The Chairperson said that he had a problem with the prescription of time for the period within which you can enter into articles of clerkship. This is because law firms “discriminate, to be rude, against black law graduates” and if the playing field is not level, then it is not fair to exclude people form a profession based on a time bar.

Ms Litchfield-Tshabalala acknowledged the proposed regulation of the issue, but asked if this will be discussed in the Committee, left up to others or the time bar removed altogether. She could not see the value of the time bar, because a person may have gained valuable experience even though they had not engaged in articles of clerkship and it would be discriminatory to bar these people access to the profession.

The Chairperson said that in a normal society these requirements could be acceptable, but because the playing field is not level, then the creation of requirements could be prejudicial to some citizens.
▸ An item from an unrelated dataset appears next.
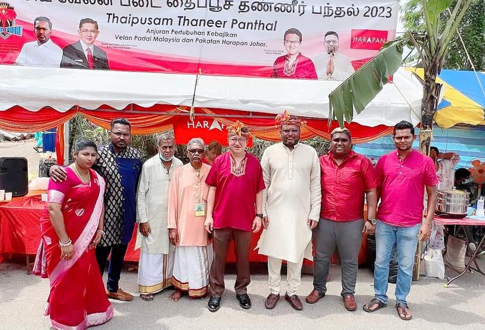 தம்போய் ஜோகூர் ஓம் ஸ்ரீ முனீஸ்வரர் கோவிலில் நடைபெற்ற தப்பூசத்தை முன்னிட்டு மலேசிய தமிழர் வேலன் படைத் தலைவர் சுரேந்திரன் பலராமன் தலைமையில் தண்ணீர் பந்தல் அமைக்கப் பட்டது.

Mr Mokoena said that he did not think this was the intention of the provision. There is reference to an Act of Parliament in future rationalising the legal profession and in his view this indicates the intention that the Legal Practice Bill will assimilate everyone under a new dispensation. The law societies did not want provisions which would potentially clash with the Legal Practice Bill.

The Chairperson asked if it would not be possible to simply state that, having attained the degree entitles one to enter into articles of clerkship, as regulated by an Act of Parliament.

A State Law Advisor said that he is of the view that the timeframe is of no value and that the requirement for articles of clerkship is simply attaining a law degree. It must also be remembered that articles are a form of employment and there is no guarantee that one will be so employed within the timeframe. He therefore submitted that it should be omitted. He added that there is a legislative drafting principle that one cannot provide for a power in the regulations, which is not spoken to in the Act. Therefore, it will be necessary to cater for this in the Bill itself.

The Chairperson confirmed the Members agreement on the points raised and the Department’s further action in terms of the Bill, which was the preparation of the A-List. Lastly, he declared the meeting adjourned.